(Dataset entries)

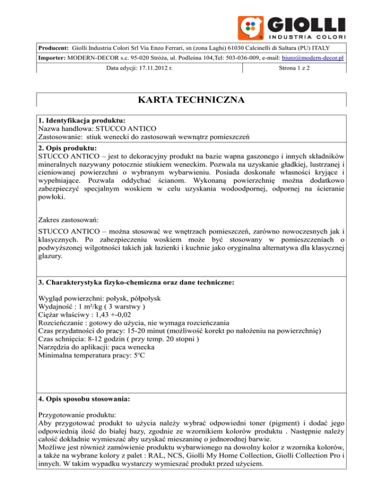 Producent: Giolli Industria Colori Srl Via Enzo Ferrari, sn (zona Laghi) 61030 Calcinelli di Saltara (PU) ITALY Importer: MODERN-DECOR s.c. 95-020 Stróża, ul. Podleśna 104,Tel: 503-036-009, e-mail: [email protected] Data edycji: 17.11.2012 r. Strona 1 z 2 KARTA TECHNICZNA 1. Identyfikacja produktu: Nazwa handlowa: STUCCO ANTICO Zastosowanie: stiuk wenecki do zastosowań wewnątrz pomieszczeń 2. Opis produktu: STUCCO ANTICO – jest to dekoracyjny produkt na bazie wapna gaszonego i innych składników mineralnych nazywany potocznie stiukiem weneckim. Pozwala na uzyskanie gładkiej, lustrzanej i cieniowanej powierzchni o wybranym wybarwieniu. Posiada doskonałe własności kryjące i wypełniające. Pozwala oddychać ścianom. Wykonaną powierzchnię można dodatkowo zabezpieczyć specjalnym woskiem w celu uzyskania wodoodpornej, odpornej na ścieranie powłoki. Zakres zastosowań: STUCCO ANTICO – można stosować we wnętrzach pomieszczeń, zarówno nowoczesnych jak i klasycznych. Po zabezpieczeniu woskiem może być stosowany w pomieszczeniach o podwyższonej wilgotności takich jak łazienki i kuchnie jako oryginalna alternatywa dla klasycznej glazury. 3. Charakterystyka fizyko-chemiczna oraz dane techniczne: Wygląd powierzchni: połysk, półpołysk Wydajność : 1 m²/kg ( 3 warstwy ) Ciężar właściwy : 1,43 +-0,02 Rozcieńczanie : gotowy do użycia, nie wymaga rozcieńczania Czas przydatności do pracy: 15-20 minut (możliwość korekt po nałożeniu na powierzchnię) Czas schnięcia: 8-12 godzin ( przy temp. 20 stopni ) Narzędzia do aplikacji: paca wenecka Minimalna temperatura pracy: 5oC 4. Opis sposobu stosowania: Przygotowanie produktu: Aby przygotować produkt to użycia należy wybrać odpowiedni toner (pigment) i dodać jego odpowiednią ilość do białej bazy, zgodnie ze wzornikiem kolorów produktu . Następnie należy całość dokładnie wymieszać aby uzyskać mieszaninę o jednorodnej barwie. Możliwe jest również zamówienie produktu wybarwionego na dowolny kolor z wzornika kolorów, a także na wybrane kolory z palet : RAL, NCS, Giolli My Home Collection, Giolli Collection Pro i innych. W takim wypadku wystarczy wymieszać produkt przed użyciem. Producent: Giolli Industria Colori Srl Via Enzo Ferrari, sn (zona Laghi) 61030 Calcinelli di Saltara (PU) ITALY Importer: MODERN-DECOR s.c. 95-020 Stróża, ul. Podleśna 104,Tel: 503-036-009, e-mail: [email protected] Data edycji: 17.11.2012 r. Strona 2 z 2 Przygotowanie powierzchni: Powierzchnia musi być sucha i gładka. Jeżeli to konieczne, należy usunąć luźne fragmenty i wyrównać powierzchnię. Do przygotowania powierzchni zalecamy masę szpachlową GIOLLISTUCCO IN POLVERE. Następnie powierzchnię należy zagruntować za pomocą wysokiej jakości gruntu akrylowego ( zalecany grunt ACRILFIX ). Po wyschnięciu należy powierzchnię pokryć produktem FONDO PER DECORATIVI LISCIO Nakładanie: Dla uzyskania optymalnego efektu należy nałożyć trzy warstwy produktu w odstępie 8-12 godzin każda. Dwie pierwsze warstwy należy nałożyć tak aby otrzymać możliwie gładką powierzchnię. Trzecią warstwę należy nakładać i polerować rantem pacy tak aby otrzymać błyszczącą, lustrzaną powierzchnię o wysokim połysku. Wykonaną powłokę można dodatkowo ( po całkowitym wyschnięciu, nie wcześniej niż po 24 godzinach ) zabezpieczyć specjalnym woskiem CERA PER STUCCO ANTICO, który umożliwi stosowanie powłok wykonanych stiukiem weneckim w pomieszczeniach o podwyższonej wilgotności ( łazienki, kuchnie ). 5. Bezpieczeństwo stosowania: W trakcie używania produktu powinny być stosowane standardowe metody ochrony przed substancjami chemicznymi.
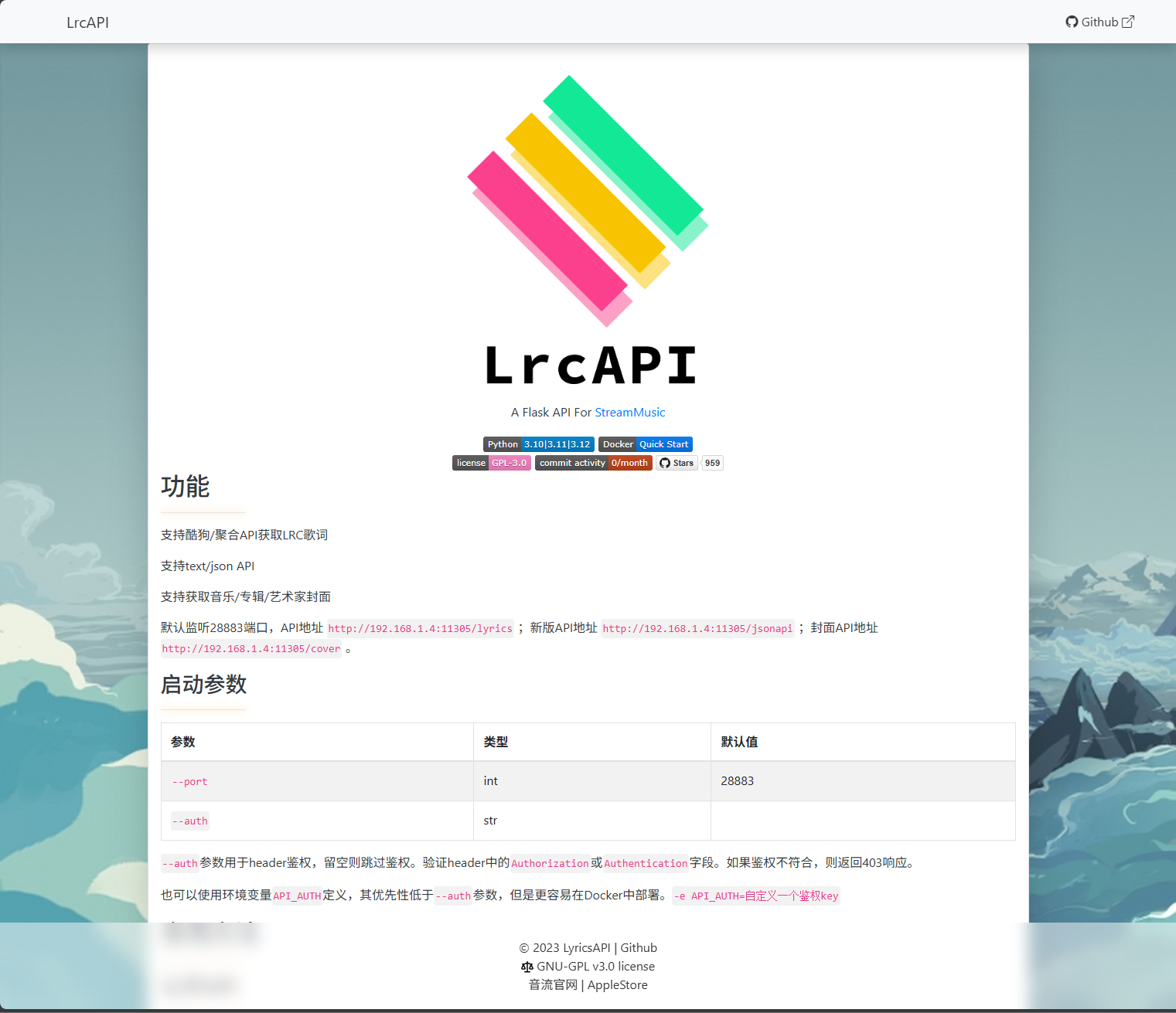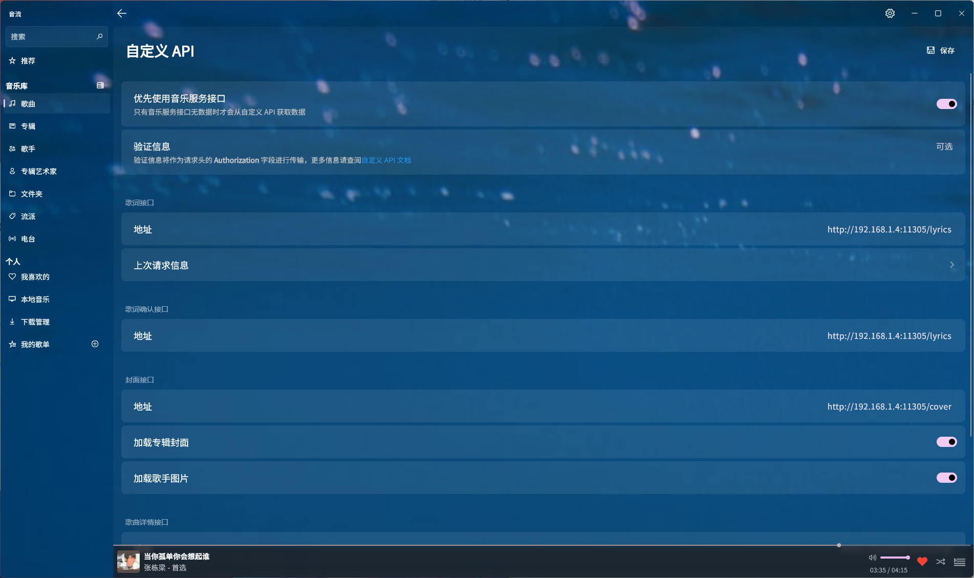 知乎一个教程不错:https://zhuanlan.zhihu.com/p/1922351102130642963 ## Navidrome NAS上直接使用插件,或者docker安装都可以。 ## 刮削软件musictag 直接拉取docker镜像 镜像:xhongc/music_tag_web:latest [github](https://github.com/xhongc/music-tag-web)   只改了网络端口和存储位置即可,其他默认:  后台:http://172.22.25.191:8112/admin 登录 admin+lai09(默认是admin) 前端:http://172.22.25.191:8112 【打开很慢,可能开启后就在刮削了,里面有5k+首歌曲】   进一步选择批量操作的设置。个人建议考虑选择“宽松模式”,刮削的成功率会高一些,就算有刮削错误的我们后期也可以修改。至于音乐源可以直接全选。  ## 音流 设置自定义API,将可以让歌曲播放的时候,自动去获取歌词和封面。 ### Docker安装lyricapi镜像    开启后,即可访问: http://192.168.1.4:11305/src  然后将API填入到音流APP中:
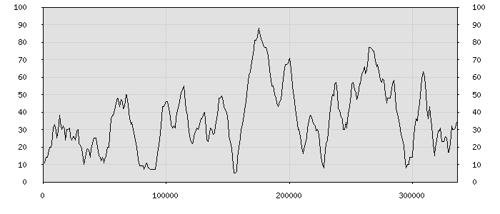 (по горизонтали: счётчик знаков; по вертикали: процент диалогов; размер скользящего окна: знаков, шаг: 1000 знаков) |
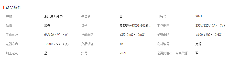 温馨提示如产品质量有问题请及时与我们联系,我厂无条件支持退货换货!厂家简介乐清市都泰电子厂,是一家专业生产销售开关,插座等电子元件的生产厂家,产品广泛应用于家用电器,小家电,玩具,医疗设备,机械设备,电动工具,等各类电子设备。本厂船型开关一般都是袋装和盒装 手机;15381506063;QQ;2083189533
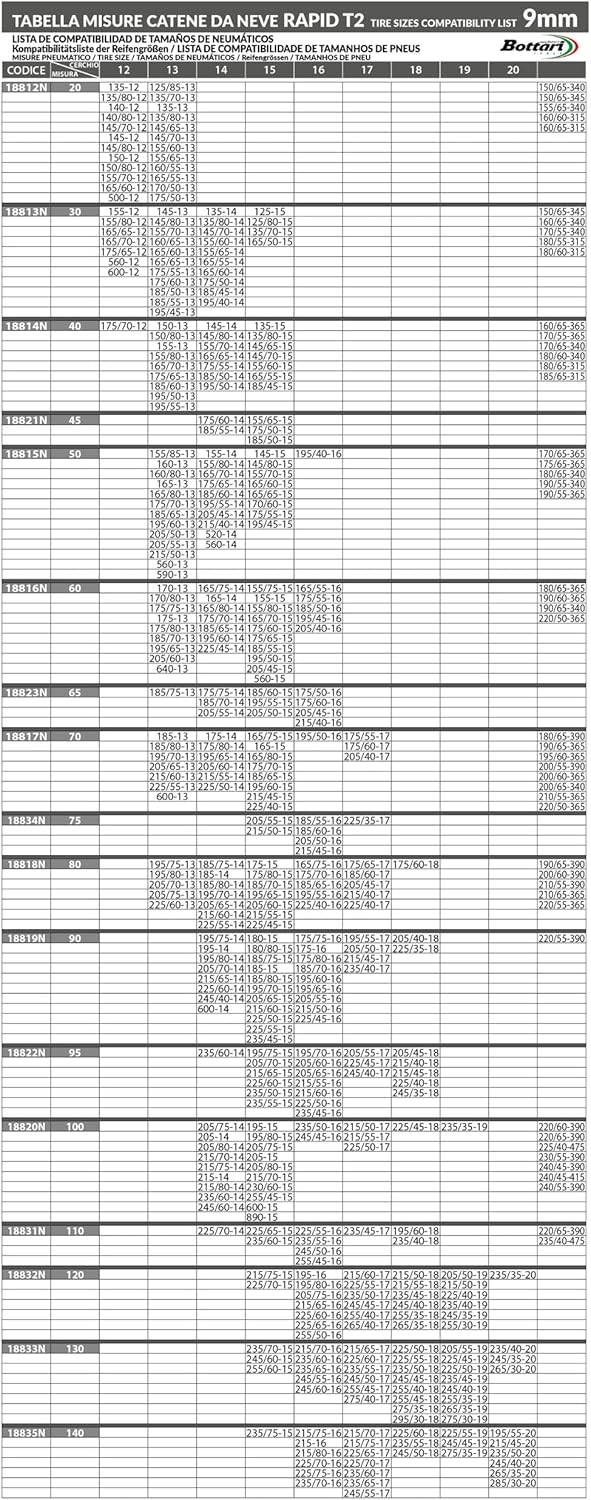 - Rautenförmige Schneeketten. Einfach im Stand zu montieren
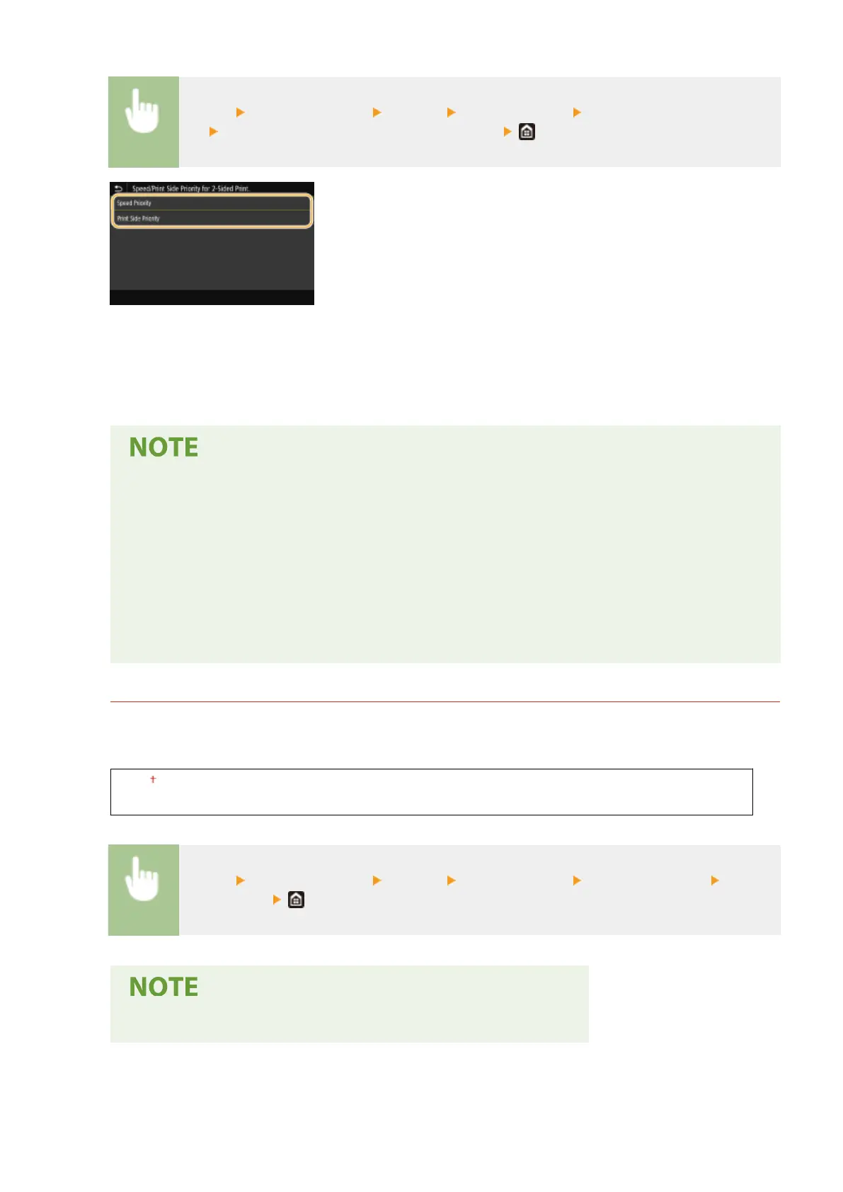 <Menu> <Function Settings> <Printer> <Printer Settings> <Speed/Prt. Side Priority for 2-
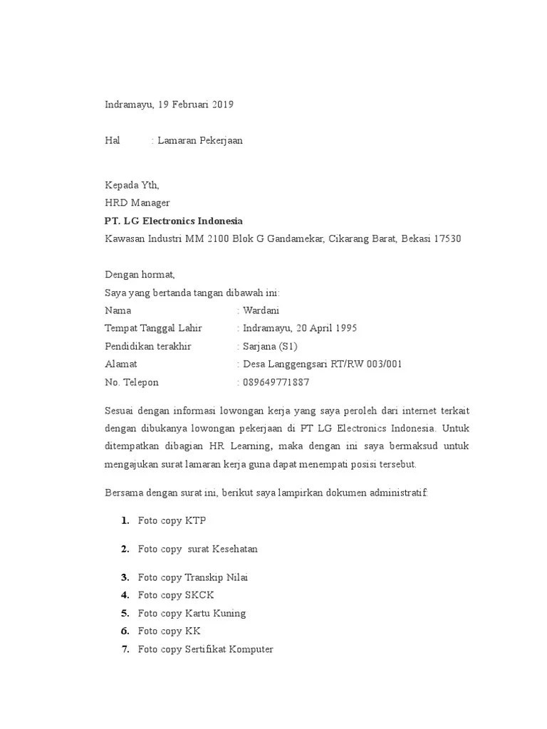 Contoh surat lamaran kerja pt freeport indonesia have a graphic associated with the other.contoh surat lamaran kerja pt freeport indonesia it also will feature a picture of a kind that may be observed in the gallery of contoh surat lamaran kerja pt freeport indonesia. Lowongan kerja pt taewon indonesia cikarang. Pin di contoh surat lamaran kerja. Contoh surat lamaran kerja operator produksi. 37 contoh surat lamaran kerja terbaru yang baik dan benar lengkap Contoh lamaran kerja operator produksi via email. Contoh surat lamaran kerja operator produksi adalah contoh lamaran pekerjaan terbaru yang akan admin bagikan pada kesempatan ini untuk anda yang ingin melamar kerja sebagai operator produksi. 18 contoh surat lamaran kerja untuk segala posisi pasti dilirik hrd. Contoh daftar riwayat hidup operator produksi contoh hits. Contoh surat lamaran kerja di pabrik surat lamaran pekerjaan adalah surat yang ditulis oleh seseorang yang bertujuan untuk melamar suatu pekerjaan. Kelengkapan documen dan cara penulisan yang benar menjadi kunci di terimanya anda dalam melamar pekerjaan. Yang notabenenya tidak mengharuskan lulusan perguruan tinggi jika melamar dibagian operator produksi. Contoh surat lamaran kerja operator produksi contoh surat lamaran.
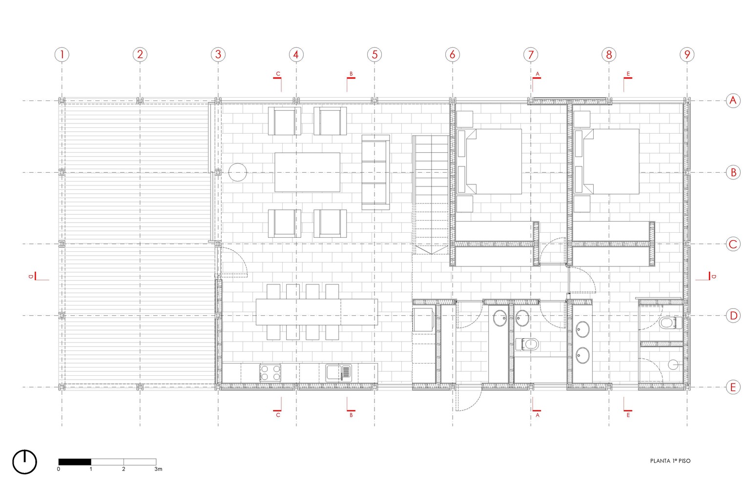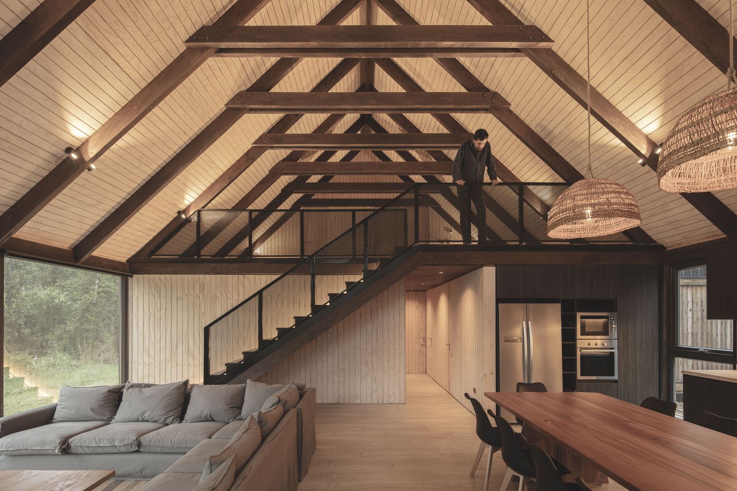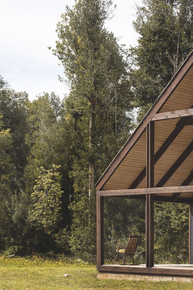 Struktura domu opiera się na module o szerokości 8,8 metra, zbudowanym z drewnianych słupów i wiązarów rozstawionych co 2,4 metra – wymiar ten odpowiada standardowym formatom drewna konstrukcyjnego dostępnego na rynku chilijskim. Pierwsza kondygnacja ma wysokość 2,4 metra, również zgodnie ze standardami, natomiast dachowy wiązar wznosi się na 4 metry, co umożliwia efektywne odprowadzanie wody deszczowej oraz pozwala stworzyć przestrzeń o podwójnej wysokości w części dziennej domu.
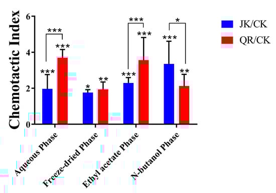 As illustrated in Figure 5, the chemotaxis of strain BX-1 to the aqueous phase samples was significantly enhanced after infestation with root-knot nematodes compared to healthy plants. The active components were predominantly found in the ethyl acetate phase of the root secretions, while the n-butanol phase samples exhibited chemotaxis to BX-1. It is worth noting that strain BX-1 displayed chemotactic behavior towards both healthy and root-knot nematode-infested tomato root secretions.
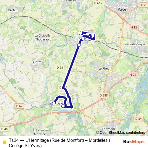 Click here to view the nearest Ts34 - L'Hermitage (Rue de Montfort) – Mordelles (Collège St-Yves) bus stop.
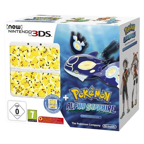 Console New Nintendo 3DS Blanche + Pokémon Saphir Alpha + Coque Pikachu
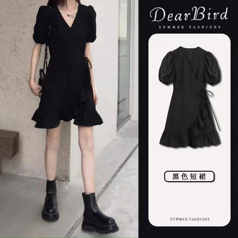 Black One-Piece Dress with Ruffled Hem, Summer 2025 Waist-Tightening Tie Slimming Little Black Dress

The problem: Copy only what runs above from the line containing "- Rautenförmige Schneeketten." through the line containing "Contoh surat lamaran kerja pt freeport indonesia have", exactly. Leave out the pictures.

Response to this task:
 - Rautenförmige Schneeketten. Einfach im Stand zu montieren
 <Menu> <Function Settings> <Printer> <Printer Settings> <Speed/Prt. Side Priority for 2-
 Contoh surat lamaran kerja pt freeport indonesia have a graphic associated with the other.contoh surat lamaran kerja pt freeport indonesia it also will feature a picture of a kind that may be observed in the gallery of contoh surat lamaran kerja pt freeport indonesia. Lowongan kerja pt taewon indonesia cikarang. Pin di contoh surat lamaran kerja. Contoh surat lamaran kerja operator produksi. 37 contoh surat lamaran kerja terbaru yang baik dan benar lengkap Contoh lamaran kerja operator produksi via email. Contoh surat lamaran kerja operator produksi adalah contoh lamaran pekerjaan terbaru yang akan admin bagikan pada kesempatan ini untuk anda yang ingin melamar kerja sebagai operator produksi. 18 contoh surat lamaran kerja untuk segala posisi pasti dilirik hrd. Contoh daftar riwayat hidup operator produksi contoh hits. Contoh surat lamaran kerja di pabrik surat lamaran pekerjaan adalah surat yang ditulis oleh seseorang yang bertujuan untuk melamar suatu pekerjaan. Kelengkapan documen dan cara penulisan yang benar menjadi kunci di terimanya anda dalam melamar pekerjaan. Yang notabenenya tidak mengharuskan lulusan perguruan tinggi jika melamar dibagian operator produksi. Contoh surat lamaran kerja operator produksi contoh surat lamaran.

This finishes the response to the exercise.